I used to work on an open source tool, and we would also collect similar information. This was a Visual Studio extension, and one of the data points we collected was the VS version that the user was running. Resources were limited; we were 2-3 people for much of the time I was there, and there was 1 full time dev assigned to the project. Knowing that nobody was using Visual Studio 2010 any more meant that we didn't need to test the extension in that version of VS and could concentrate on adding features that would only work with more recent versions.

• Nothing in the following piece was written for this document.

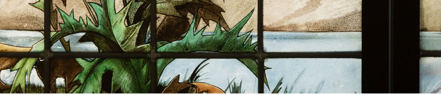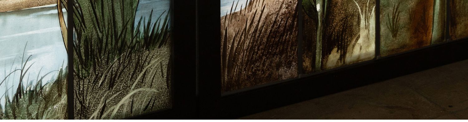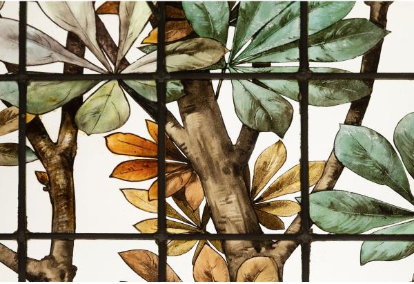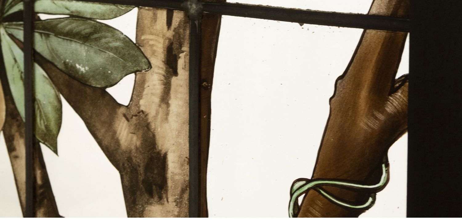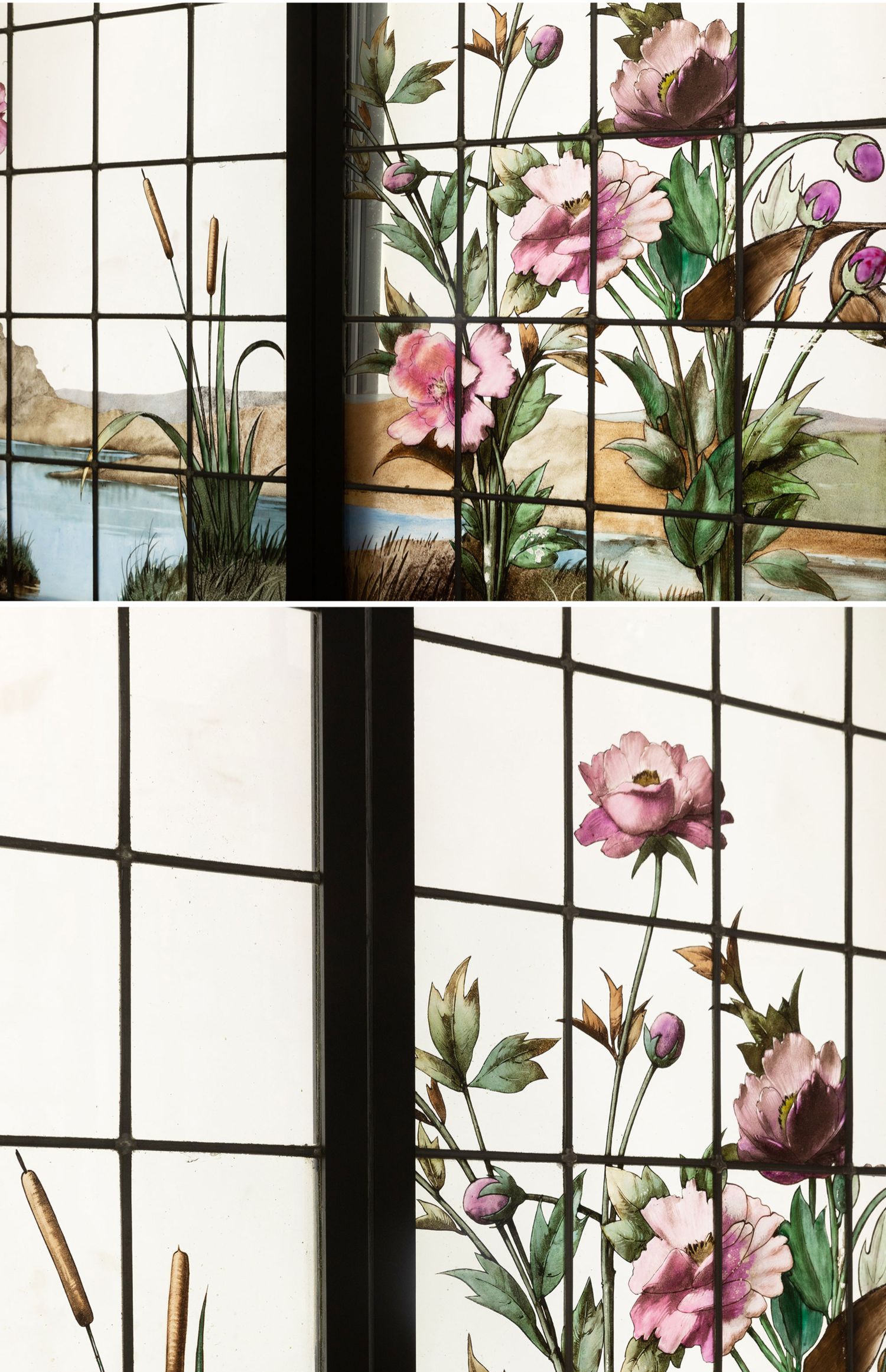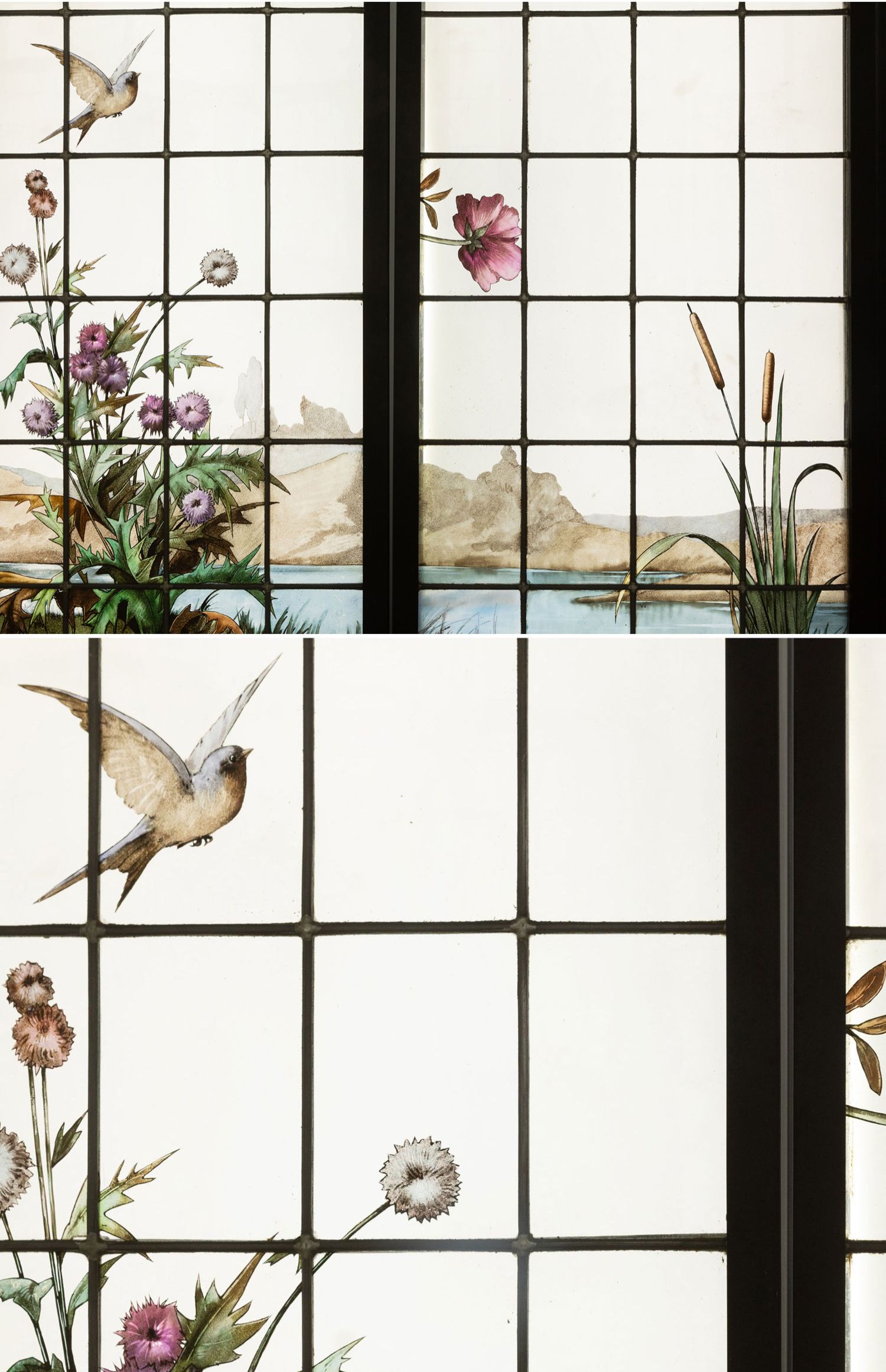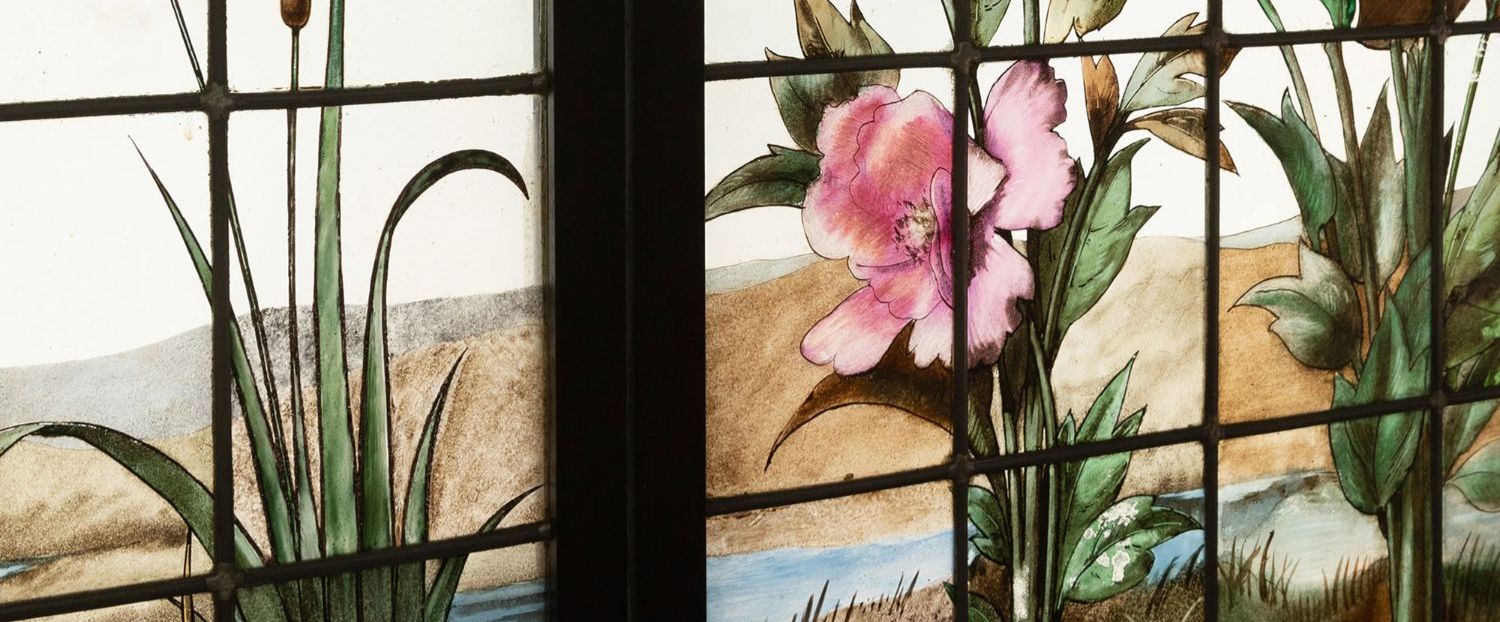 独角鹿西洋古董19世纪法国花树雀鸟水边风景彩绘玻璃花窗一联四幅
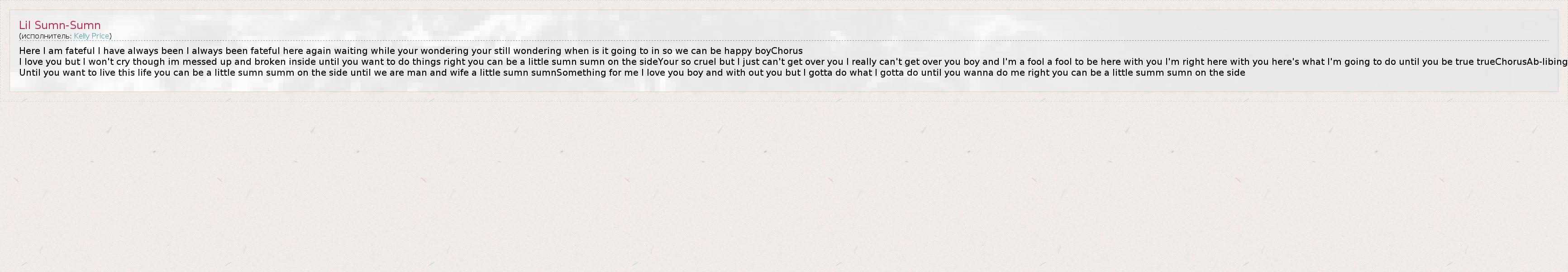Until you want to live this life you can be a little sumn summ on the side until we are man and wife a little sumn sumnSomething for me I love you boy and with out you but I gotta do what I gotta do until you wanna do me right you can be a little summ sumn on the side

Otherwise you could end up spending 40 person hours on fixing an issue that no user will ever experience (i.e. exclusive to old versions of VS that nobody is using any more), or hold back adding improvements requested by users because they will only work in the most recent versions of VS.

For the most part, the whole brouhaha about audacity is spyware was really just a lot of misinformed youtubers and people on forums that didn't really understand things like the fact that it is impossible to go online without sharing your IP. That's just how the internet works. You can't order something off Amazon and then get in a tizzy because they've asked you for a delivery address ("But that's personal information! You'd know where I live!"). You can't request web content and then expect to receive it without the other end knowing where to send said data.

Well said! Had I read down to your post before posting my own post, I probably wouldn't have posted at all. This pretty much sums everything up!

[audiojunkie]

It's not unless you count Izotope and Microsoft as spyware. Muse acquired it and stuck a new license on it that stated: Under the new privacy policy, Audacity will collect information such as OS version, CPU and error codes, but also the location of the user. According to the policy, this information is required for analytics purposes and to improve the application, although it’s unclear where location data slots into this picture.
The policy goes on to state that Audacity will collect “data necessary for law enforcement, litigation and authorities’ requests”, but does not expand on what type of information this clause might cover, leading to speculation it could be used to justify an unacceptable breach of user privacy.

The location thing bugged a lot of people and they threw out the term spyware.

This too is well said! I believe with all of you guys' posts, the OP is getting a well rounded explanation of what went on, and how things stand today.

[Tiles]

Since nobody brought this up here,

If Audacity is malicious depends also of the source where you download it. There is a page called audacity.de around that offers an inofficial version of Audacity. And there you download in fact a Audacity version with malware onboard. That's the curse of open source.

The official version from audacity.org should be safe to use though. Even with the current telemetry onboard. Companies like Native Instruments are ways worse in this regards. And the once planned google telemetry did never make it into Audacity. They are back to the simple error messages.

Here was the discussion, back in 2021 https://github.com/audacity/audacity/discussions/889

[chk071]

Or maybe you want to use a proper audio editor like Wavelab. There's even a slimmed down free version: https://www.steinberg.net/de/wavelab/le/

(I found Steinberg's download manager rather clunky and convoluted.)

Out of interest, I gave Wavelab LE another go (I own Wavelab Elements). Well, it's probably too limited for most users. If anything, I'd get it, and then upgrade to Elements. LE really lacks a lot of stuff. But, the GUI is (Wavelab like) excellent, of course.

[chk071]

Since nobody brought this up here,

If Audacity is malicious depends also of the source where you download it. There is a page called audacity.de around that offers an inofficial version of Audacity. And there you download in fact a Audacity version with malware onboard. That's the curse of open source.

That's the reason why I always first visit the Wikipedia site (if available). The links there are the official ones, not some fake stuff, like audacity.de.